Task details » The answer is the line with "厚生労働大臣表彰受賞者 (職業能力開発関係表彰)" and every line after it to the end of the listing, retyped exactly. Pictures do not belong in it.

Data excerpt »

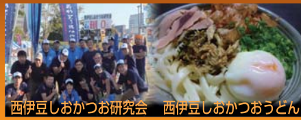
西伊豆しおかつお研究会
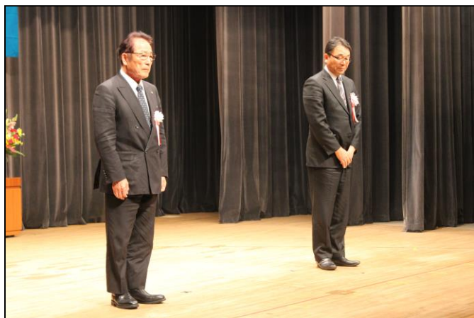
厚生労働大臣表彰受賞者 (職業能力開発関係表彰)
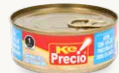
KE PRECIO! Atún con 14% de proteína de soya en agua / México / 130 g

Final answer »
厚生労働大臣表彰受賞者 (職業能力開発関係表彰)
KE PRECIO! Atún con 14% de proteína de soya en agua / México / 130 g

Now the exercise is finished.